Apparently there is resistance to these proposals from U.S. government officials. Indeed, U.S. FDA international affairs officials such as Dr. Stuart Nightingale and some U.S. State Department officials very aggressively opposed these measures during the May 1998 WHA meetings in Geneva, as did major pharmaceutical companies. We have subsequently met with FDA and State Department Officials to discuss these matters and we believe it is possible to establish a process for WHO consultations that recognize the levels of protections of intellectual property that have already been established in the GATT/TRIPS accords, while providing a context for evaluating implementation of these rights under widely accepted public interest criteria that is not dissimilar to constitutional basis for patent protection in the United States.
We are particularly concerned about disputes that will predictably occur when countries seek to use compulsory licensing to broaden access to AIDS drugs and other important medical therapies. With experts claiming that 13 percent or more of the entire population of some African countries suffer from HIV infection, this is an extremely important issue. Moreover, it is clear that U.S. officials who are involved in AIDS policy need to be briefed and included in policy making on these issues.
Please incorporate also our attached July 28, 1998 comments on health care and intellectual property for the FTAA negotiations. (On the web at: http://www.cptech.org/treaty/ftaa/ftaa-290798.html).
One area where there has been almost no sustained analysis is the rise of various business practices patents. These often involve patents covering routine business practices that use computers or telephones, such as the Franco Modigiliani and Francis Vitagliano patent on the use of a credit card to borrow money from a 401 K pension plan. (United States Patent No.5,206,803, for a "System for enhanced management of pension- backed credit). Certainly better known was the so called e- commerce patent which claimed a legal monopoly on all internet commerce. We are told that pharmacuetical companies are making certain claims regarding marketing practices for pharmacuticals in South Africa.
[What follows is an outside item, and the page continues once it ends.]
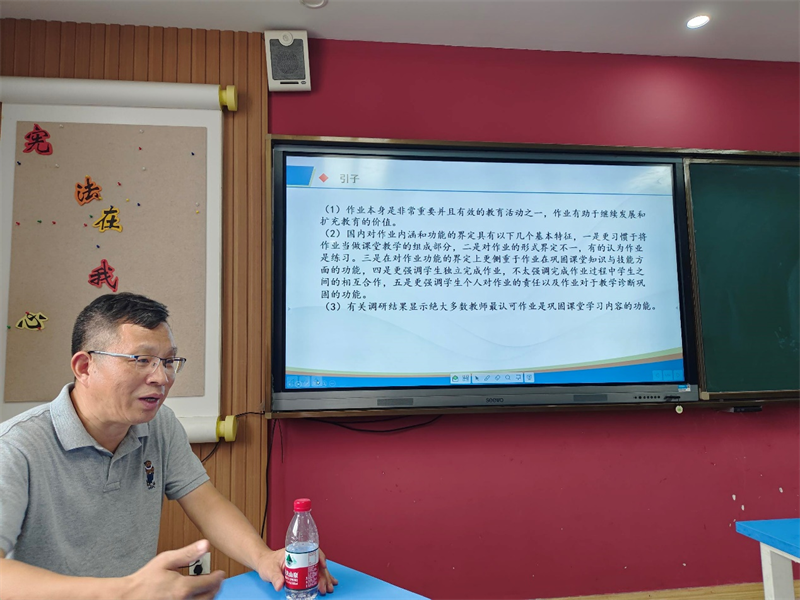 李新校长从不同领域为老师们分享了高质量作业设计案例,他指出确定课堂作业目标要从整体定位,课堂作业内容要用好教材习题,课堂作业实施要设计随学作业,课堂作业评价要注重解题过程,同时为老师们指出课堂作业设计的误区,老师们要重视教材习题,重视解题过程,重视动口和动手的作业,重视对知识本质的理解,重视习题中的反思提炼,重视学生发现和提出问题的能力,重视真实复杂非常规情境创设习题的教学。

We have asked in a variety of forums that such patents be banned as inappropriate, anticompetitive, and as failing to meet the U.S. public interest standards. We ask for a broader public dialogue on such patents.
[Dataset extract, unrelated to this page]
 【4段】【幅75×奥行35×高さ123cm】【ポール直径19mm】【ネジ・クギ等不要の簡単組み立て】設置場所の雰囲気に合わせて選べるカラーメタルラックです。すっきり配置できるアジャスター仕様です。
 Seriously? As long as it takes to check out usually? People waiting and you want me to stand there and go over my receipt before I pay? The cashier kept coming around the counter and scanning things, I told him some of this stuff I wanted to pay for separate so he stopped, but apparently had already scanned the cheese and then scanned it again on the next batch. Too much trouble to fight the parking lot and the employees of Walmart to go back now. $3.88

The newly formed Trans Atlantic Consumer Dialogue (TACD) will be creating a working group on electronic commerce. We urge UGS officials to work closely with this working group. CPT is working with several public interest groups on trade and intellectual property issues, and would appreciate suggestions on which USG officials can brief these groups on the various IP related trade negotiations, including the TRIPS review at the WTO, the FTAA, APEC and Trans-Atlantic free trade negotiations and other relevant intitiatives.